Supervisor: Dr. Chris Kennedy
Award: KRESCENT Summer Studentship
Institution: University of Ottawa/The Ottawa Hospital Research Institute
Year: 2025
 
Project Title: Role of Proximal Tubule NOX5 in Angiotensin II–Induced Hypertensive Renal Injury

Biography:
Michael is a student at the University of Ottawa, studying Translational Molecular Medicine (entering his 4th year). His passions include serving his community, long distance running, and travelling.  He has previously done research in the SEA-PHAGES program and at the Neural Regeneration Laboratory.  

Lay Summary:
My work is on the NADPH oxidase enzyme 5 (NOX5). NOX5 is a transmembrane enzyme that has been identified as a significant contributor to renal ROS (Reactive Oxidative Species) in humans, namely superoxide. Previous studies have shown that NOX5 is induced in the proximal tubule of individuals with hypertension. It is also an enzyme that is responsive to angiotensin II signaling. NOX5 expression and activation might therefore contribute to cellular injury associated with inflammation and/or fibrosis that occur in renal tissue as hypertensive kidney disease progresses. In order to better understand the functioning of NOX5, two hypotheses will be tested.
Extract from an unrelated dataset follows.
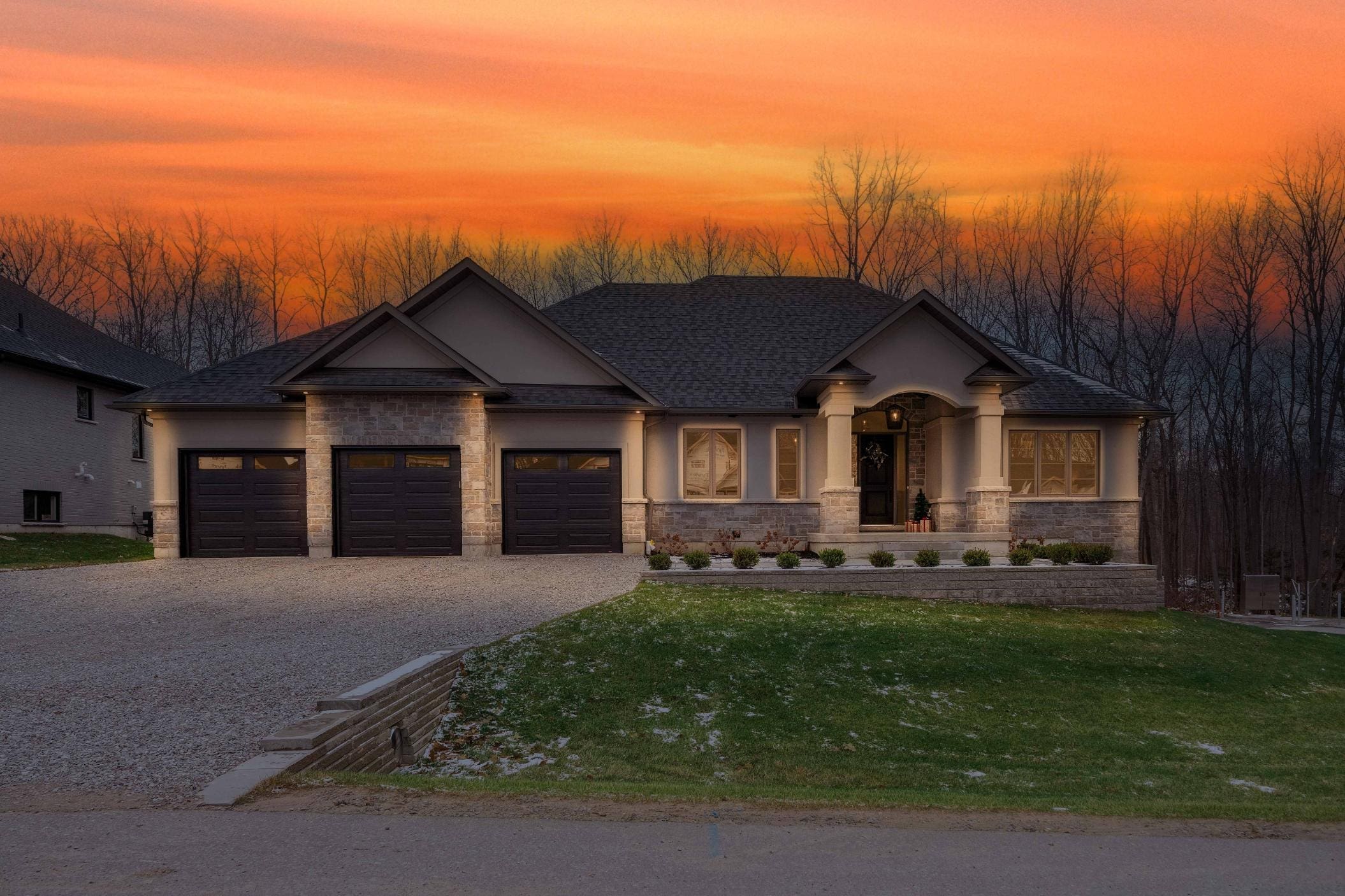 There is a “feel’ to a custom home beyond the many details of premium construction and finish that you will experience here. We urge you to come and experience that yourself. There are so many features that contribute to the grand experience of this home, for yourself and your guests. Walk through the impactful front entrance with stone/stucco pillars and views of the forest and valley into this custom recent build with 3 beds and 2 baths. 2072 sq ft on the main floor delivers luxury with very captivating impressions in finishing & light with a wall of windows and stone/gas fireplace in the dramatic vaulted great room. A double walkout basement with many above grade windows and tall ceilings provide extra views and light which takes away a basement feel with a large open area as a palette for your dream space (approx 1425 sq/ft) with R/I bar and bath and oak stairs leading to the main floor. There is a dramatic feel but also a cozy comfort in the great room with wide plank European Oak hardwood & 8×10 sliding walkout glass doors along the back wall of soaring windows to the deck with views to the forest. The forest! You have to walk in and see and feel the tranquility of that ravine and gentle stream. This lot is one of the best with no neighbours behind or beside. Gourmet custom kitchen with quartz throughout all the counters and the oversize island with valence lights, pot drawers, custom lighting, bar fridge R/I and a pantry! Large master wing with spa ensuite & standup glass shower, heated floor and soaker tub. Oversize windows throughout make the scenery surrounding a part of the experience in the home. Retreat to serenity on a massive walkout partially covered deck overlooking the very private treed greenspace on this premium culdesac lot. Walkup to garage inside entry. Inground sprinkler system to keep things green, 200 amp service and high speed internet. HDMI cable and R/I alarm/camera. All the bells and whistles here.

The first hypothesis states that transgenic human NOX5 expression in the proximal tubule of mice confers injury exacerbation and increased blood pressure. To test hypothesis 1, a line of mice with inducible NOX5 expression in proximal tubule will be subjected to angiotensin II-induced hypertension for 4 weeks. Pax8 rtTA mice are crossed with a line of NOX5 transgenic mice to generate NOX5PT mice. These mice are fed a chow containing doxycycline for 2 weeks prior to implantation of osmotic pumps to deliver angiotensin II. Blood pressure is measured by tail cuff plethysmography weekly. Blood sampling and spot urine collection are performed one week prior to pump installation and at the end point. Plasma is obtained for creatinine and BUN determination. Urine is assayed for albumin:creatinine and for large EV (extracellular vesicle) quantification. Kidneys are collected at endpoint for histology, NOX5 immunohistochemistry, and kidney injury marker assessment (mRNA/protein).

The second hypothesis states that NOX5 drives proinflammatory gene expression and extracellular vesicle formation in human proximal tubular epithelial cells. To test this, a human proximal tubule epithelial cell line is cultured and treated with a concentration range of angiotensin II (0-500 nM) for 24 and 48-hour times. Media is collected for EV quantification and mtDNA analysis. Cells are also harvested for bulk RNAseq studies. Furthermore, NOX5 expression can be manipulated by siRNA-mediated knockdown or adenoviral-mediated transduction.
Knowing the answers to these questions will give us crucial insights into the interplay between NOX5 and Angiotensin II.